Home Outreach Leaders Articles for Outreach & Missions Is Your Church Exclusive? (You'd Be Surprised)

Is Your Church Exclusive? (You'd Be Surprised)

Like many other things, contextualization arises from a good seed (goal) but can sometimes grow into an unhealthy flower. We want to see people come to know Jesus, so we work hard to remove the cultural hurdles that come into play when we communicate the gospel. Contextualization in its most faithful form aims to remain faithful to the text (Bible) amid an ever-changing context (culture).

There can be some unintended consequences to an overly acute contextualization. Perhaps “blind spot” is a good term to capture this. Let me provide an example. Let’s say First Baptist Church (FBC) is working hard to reach the 20-somethings in their community. They build their staff, gear their services, consider their language and even tailor all of their communication toward this age group.

Let’s give them the benefit of the doubt that they are being absolutely faithful to the text in this context. We have best motives and best practices, so to speak.

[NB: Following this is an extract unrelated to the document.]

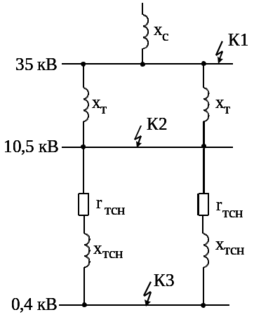 Рисунок В.2 - Расчетная схема с указанием точек короткого замыкания
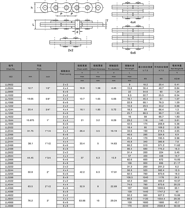LL系列板式链的零件源于BS滚子链标准,链板的外形尺寸和销轴直径等同于同节距滚子链的外链板和销轴,是一种轻系列板式链。适于直线往返传动结构。

After a couple of years of slugging it out, they have 150 young people coming on a Sunday morning. Within four years, this doubles. They are plodding ahead. Their contextualization at FBC seems to be well thought out, careful and faithful.

What could possibly be a drawback or a blind spot to this? Whenever you focus on a particular group of people, you will always exclude others. This may not be intentional, but incidental exclusion is still leaving people out. In my example above, you may draw some people toward your fellowship who are outside of the focus, but this will be the exception rather than the rule.

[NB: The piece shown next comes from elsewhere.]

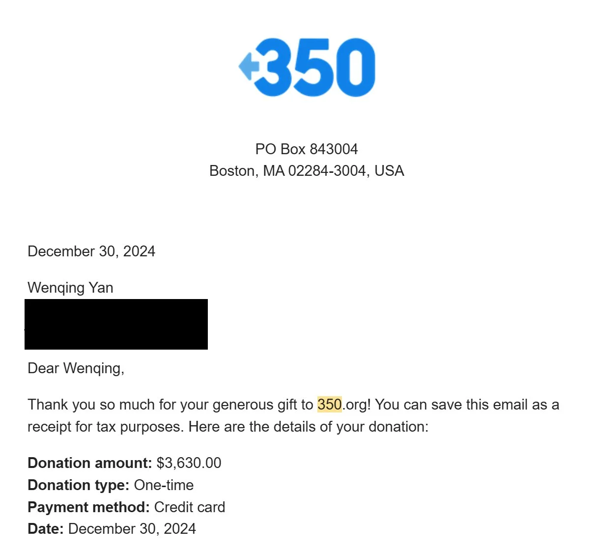 Without further ado, here are all the donation receipts so you can see which wonderful environmental charities your money helped support!

This is the heart of the blind spot and the issue that I wish more mission-minded, contextualized churches would realize: An overemphasis upon a particular “subculture” will exclude the majority of the types of people who “should” make up a church.

One might say, “Who are you to say what should make up a church?” Well, I can’t. I don’t. The Bible does, though. Churches should reflect the people in the communities around them as new disciples are made, trained and sent out. As just one example, take a stroll through the pastoral letters and you will see this.